The idea of a series expansion of a function is to express the function as an infinite series of simpler terms, which follow a pattern. Truncating such an expansion allows us to approximate the function.
Depending on the subsequent goal of the expansion (e.g. finding the limit of a quotient of functions, or performing frequency analysis), we usually have to choose two things: the form that the terms of the expansion take, and desired properties of the truncated approximation, the latter almost always being a property which expresses some notion of "closeness" between the approximation and the function.
What are probably the two most common examples of series expansions illustrate this quite well.
To find the limit of a function at a point, we mainly need our approximation to be locally close to the function being approximated. To do so, we can attempt to match their derivatives at that point up to a certain order. This is exactly what the Taylor expansion does, which is why we use it to compute limits. On top of that, the terms of the Taylor series are powers, making it a power series, which is nice.

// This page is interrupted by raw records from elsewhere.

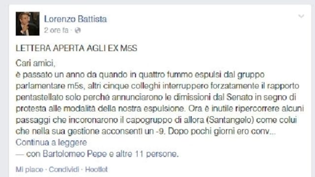 L'ex senatore grillino Lorenzo Battista, ora nel Gruppo Misto, chiama a raccolta i fuoriusciti del Movimento 5 stelle e, in una lettera aperta pubblicata su Facebook, chiede la "costituzione di un gruppo che ambisce a entrare in maggioranza". Battista, si legge, ipotizza anche "un'eventuale richiesta di avere un dicastero la cui direzione potrebbe anche essere ricoperta da un tecnico".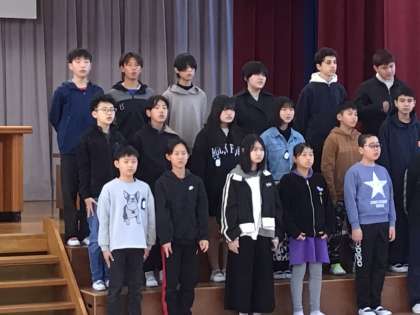 3/18 6年式練習3 公開日 2025/03/18 更新日 2025/03/18 各学年から 歌練習では、音楽の先生から最後のアドバイスをいただき、心を込めて歌っていました。体育館後方で歌声を聴きながらじっと見守る担任の姿も印象的でした。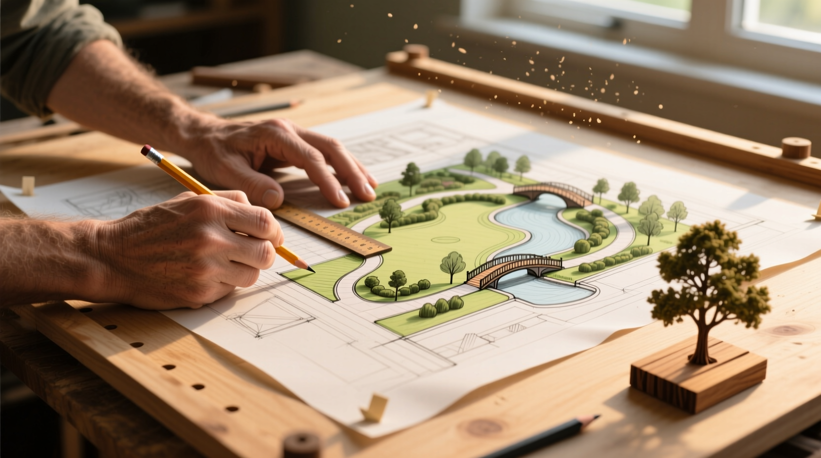 На стадии концепции формируется основная «история» парка. Это может быть сказочная аллея, исследовательская тропа, зона, вдохновлённая местной историей или даже абстрактное пространство, построенное вокруг света, тени и воды. Важно, чтобы каждая зона имела чёткое функциональное назначение, но при этом не нарушала целостности композиции.

To perform frequency analysis on a signal, we mainly need our approximation to have terms which depend on multiples of a frequency. This is exactly what the Fourier expansion does, which is why we use it for frequency analysis. Unlike in the previous example, we don't mind large local deviations, but do however mind large global deviations. To compute the Fourier expansion, then, we consider the terms to be a basis of sinusoids and project the function on that basis.
This leads me to my two questions related to series expansions:
- Are there any expansions which use terms which aren't powers or sinusoids?
- Are there any expansions where the coefficients of the terms aren't computed to obtain a locally close or globally close approximation, but rather another desirable property of the approximation?